▶ _Records for the task_
::::::

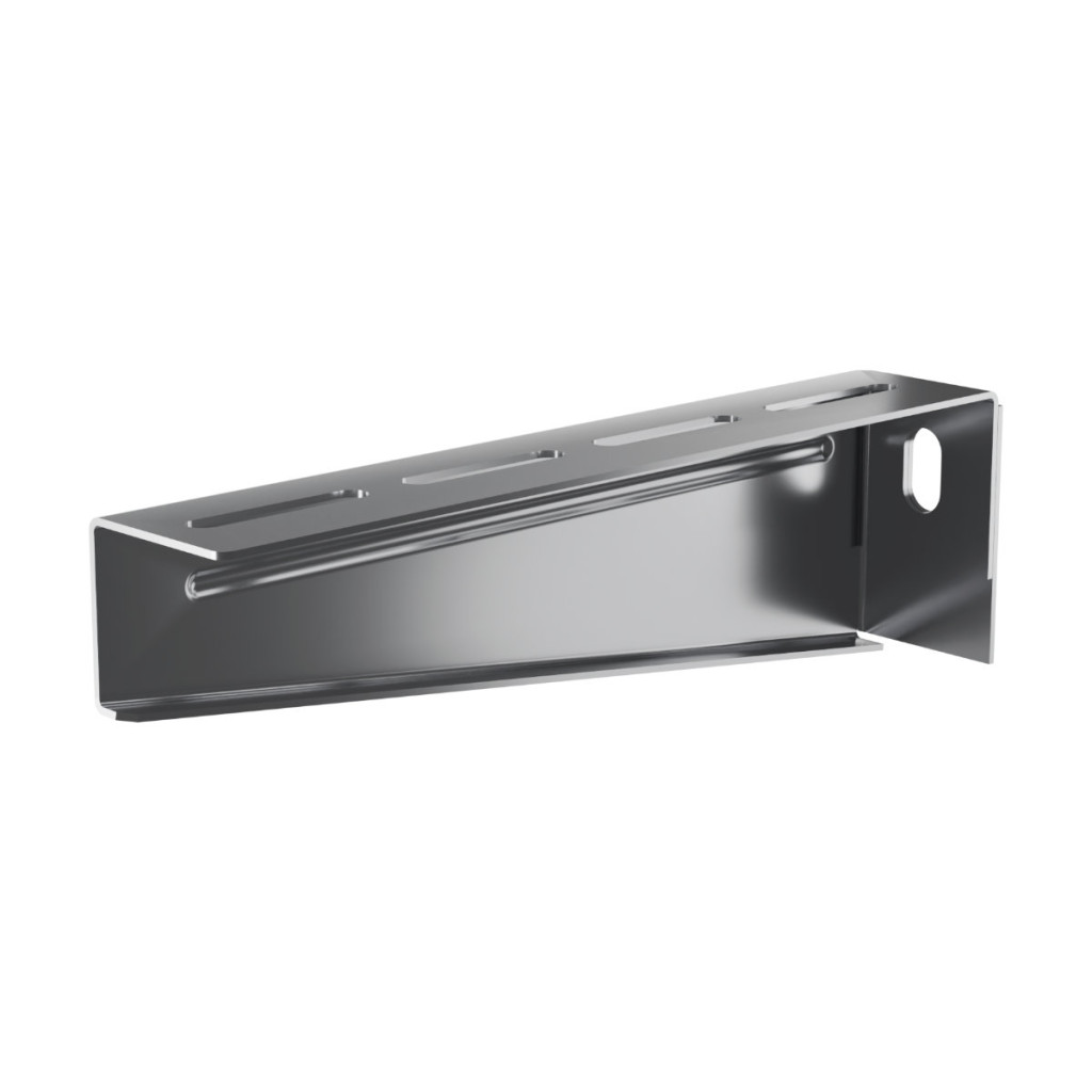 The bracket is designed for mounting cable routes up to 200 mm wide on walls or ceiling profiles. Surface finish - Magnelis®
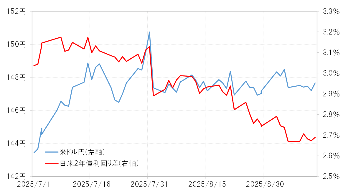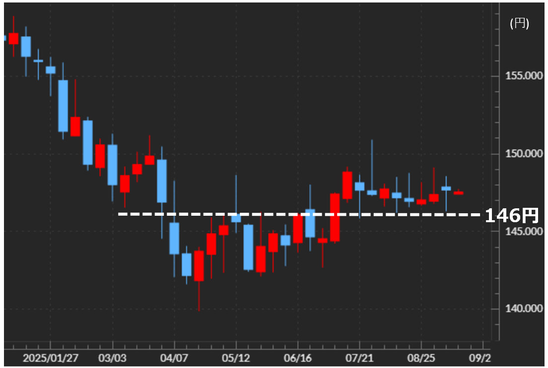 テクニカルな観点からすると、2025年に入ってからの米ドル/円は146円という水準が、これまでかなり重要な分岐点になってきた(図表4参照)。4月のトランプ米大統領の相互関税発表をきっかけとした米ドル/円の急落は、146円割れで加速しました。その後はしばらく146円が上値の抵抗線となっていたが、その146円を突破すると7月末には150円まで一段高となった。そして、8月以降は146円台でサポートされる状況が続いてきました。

::::::

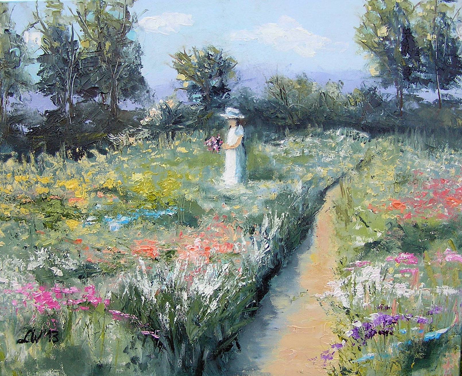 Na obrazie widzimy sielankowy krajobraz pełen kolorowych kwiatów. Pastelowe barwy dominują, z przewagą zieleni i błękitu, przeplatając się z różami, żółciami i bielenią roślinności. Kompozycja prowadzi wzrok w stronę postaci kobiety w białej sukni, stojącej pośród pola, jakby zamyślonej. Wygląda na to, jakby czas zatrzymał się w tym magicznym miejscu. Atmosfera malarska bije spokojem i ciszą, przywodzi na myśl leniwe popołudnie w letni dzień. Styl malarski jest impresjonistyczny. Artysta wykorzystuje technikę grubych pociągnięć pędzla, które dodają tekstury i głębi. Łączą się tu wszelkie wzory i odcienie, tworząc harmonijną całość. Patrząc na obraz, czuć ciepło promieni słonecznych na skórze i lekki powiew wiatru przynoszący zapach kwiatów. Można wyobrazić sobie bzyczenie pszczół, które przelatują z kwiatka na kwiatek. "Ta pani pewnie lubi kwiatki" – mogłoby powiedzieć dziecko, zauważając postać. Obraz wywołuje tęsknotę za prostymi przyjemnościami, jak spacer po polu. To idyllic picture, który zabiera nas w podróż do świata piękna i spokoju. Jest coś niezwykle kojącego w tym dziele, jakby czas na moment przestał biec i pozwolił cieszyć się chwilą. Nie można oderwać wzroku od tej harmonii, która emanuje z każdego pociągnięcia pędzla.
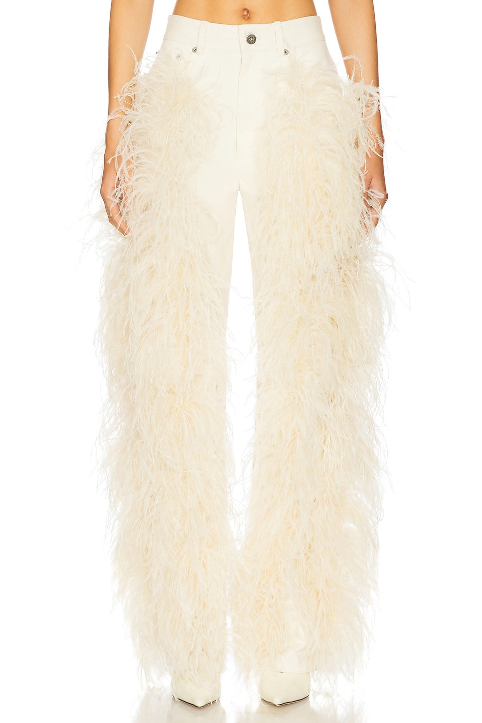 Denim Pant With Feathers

::::::

▶ _Exercise requirements_
Please transcribe exactly the part of the records that opens with the line containing "The bracket is" and closes with the line containing "テクニカルな観点からすると、", both ends included, and leave out the pictures.

▶ _Response area_
 The bracket is designed for mounting cable routes up to 200 mm wide on walls or ceiling profiles. Surface finish - Magnelis®
 テクニカルな観点からすると、2025年に入ってからの米ドル/円は146円という水準が、これまでかなり重要な分岐点になってきた(図表4参照)。4月のトランプ米大統領の相互関税発表をきっかけとした米ドル/円の急落は、146円割れで加速しました。その後はしばらく146円が上値の抵抗線となっていたが、その146円を突破すると7月末には150円まで一段高となった。そして、8月以降は146円台でサポートされる状況が続いてきました。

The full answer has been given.